Just Recently, a Massive Write-Down, Warren Buffett's "Largest Investment Failure," But He's Still the Guru
When an investment's book value is cut in half within a few years, it usually means complete failure—but when the protagonist is Warren Buffett, the story may need to be interpreted from a different angle.
On August 2 (Saturday), Berkshire Hathaway, led by Warren Buffett, disclosed in regulatory filings that it had written down its investment in Kraft Heinz (Kraft Heinz) by $38 billion, reducing the book value of its investment to $84 billion, a significant decrease from over $170 billion at the end of 2017.
This event has vindicated the outside judgment on this investment failure, but an analysis by Britain's Financial Times points out that due to the favorable terms Buffett secured in the transaction, he is still a winner even in this recognized "Waterloo."
A Rare Failure: A Portion of an Investment Cut in Half
For Buffett, who is now 94 years old, this write-down is undoubtedly one of his rare heavy setbacks. Berkshire Hathaway has made it clear that part of the reason for this write-down is the continued decline in Kraft Heinz's fair value.
In 2015, Buffett played a key role as a pusher to merge Kraft and Heinz. However, since the merger, the stock price of this packaged food giant has fallen by 62%, while the S&P 500 index has risen by 202%. The huge disparity makes this investment seem all the more striking.
Edward Jones analyst Kyle Sanders flatly states that this write-down "should have been done earlier" and calls it one of Buffett's greatest mistakes in recent decades.
In recent months, Berkshire Hathaway has begun to distance itself from Kraft Heinz. In May, Kraft Heinz announced that Berkshire Hathaway had given up its seat on the company's board. Analyst Sanders believes that giving up the seat and this write-down "are providing more flexibility for future possible exit."
The Other Side of the Story: Why the Guru is Still Not Losing?
Although the investment performance was poor, an analysis by Britain's Financial Times reveals another side to the story: betting against Buffett is usually not a good bet.
According to that media's Lex column, Berkshire Hathaway initially paid $43 billion for Heinz shares and added more investments during the merger period, making its total investment in Kraft Heinz common stock valued at $98 billion. Today, its holding of 27.4% of the company's shares is valued at approximately $88 billion.
From a book value perspective, it seems to be a loss, but calculations must include dividends. The Lex column points out that Berkshire Hathaway has received approximately $63 billion in cash dividend payments from this investment over the years. Therefore, comprehensive calculations (including $88 billion in share value and $63 billion in dividends) indicate that Buffett's total return on this common stock investment is still around 60%.
What's more noteworthy is that Buffett initially acquired Kraft Heinz preferred shares worth $80 billion at a much better price. This preferred share not only paid over $20 billion in dividends but was also fully redeemed three years later, generating a rapid and stable massive profit for Buffett.
Buffett's Fresh Contrast with Other Shareholders
Buffett's "invincible" reputation stands out even more when compared to other shareholders.
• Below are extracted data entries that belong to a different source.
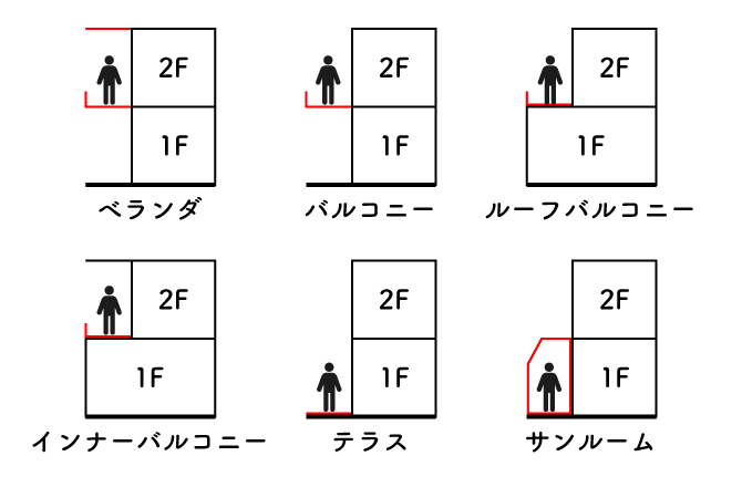インナーバルコニーとバルコニー、ベランダ、サンルームの違い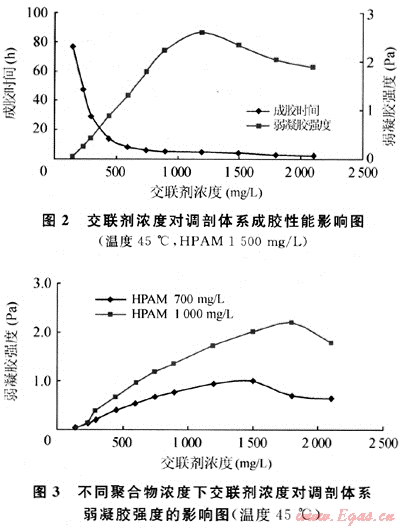 由圖1可見(jiàn),聚合物濃度增加,體系成膠時(shí)間縮短。同時(shí)形成的弱凝膠強(qiáng)度隨著HPAM濃度的增加而增強(qiáng)。但當(dāng)HPAM濃度大于2000mg/L時(shí),雖然凝膠強(qiáng)度增加到1Pa以上(按凝膠強(qiáng)弱分級(jí)為較強(qiáng)凝膠),但成膠時(shí)間縮短到10h以下,這在大劑量深部處理時(shí)易導(dǎo)致前期調(diào)剖劑段塞反應(yīng)太快而使后面的調(diào)剖劑注入困難。此外,HPAM濃度越高,調(diào)剖體系溶液越黏稠,配制及注入都相對(duì)要困難些。在弱凝膠強(qiáng)度及性能滿足作業(yè)要求條件下,低濃度可獲得較低的成本。但濃度不能低于400mg/L,因?yàn)镠PAM濃度在400mg/L以下時(shí)弱凝膠強(qiáng)度很弱,穩(wěn)定1~2周后有少量的游離水,但弱凝膠HPAM濃度在500mg/L以上時(shí),形成的弱凝膠性能則穩(wěn)定。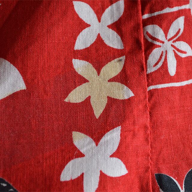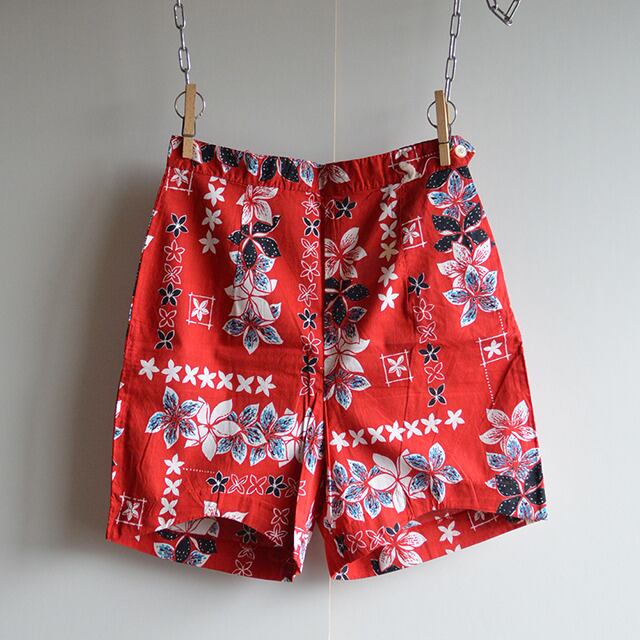 赤ベースに白と黒のハイビスカスのプリントが映える50sのハワイアンショーツです。

According to the Financial Times, for those who held shares in Kraft Foods from the time of the merger in 2015, their situation is indeed "meager." The total return rate over the past decade is only 8%. If they had chosen to invest in Unilever (Kraft Heinz's failed acquisition target in 2017), their funds would have almost doubled.
This is all confirmation of the two lessons presented in this report: first, two mediocre companies merging cannot produce an excellent company. Kraft Heinz is currently facing challenges from consumers switching to healthier foods, with the company expecting a 3% decline in revenue this year. Second, Buffett always manages to secure better deals for himself, which enables him to generate satisfactory results even from his worst mistakes.
This article is reprinted from "Wall Street Insight," author: Long Yue; edited by Yan Wencai of Zhitong Caijing.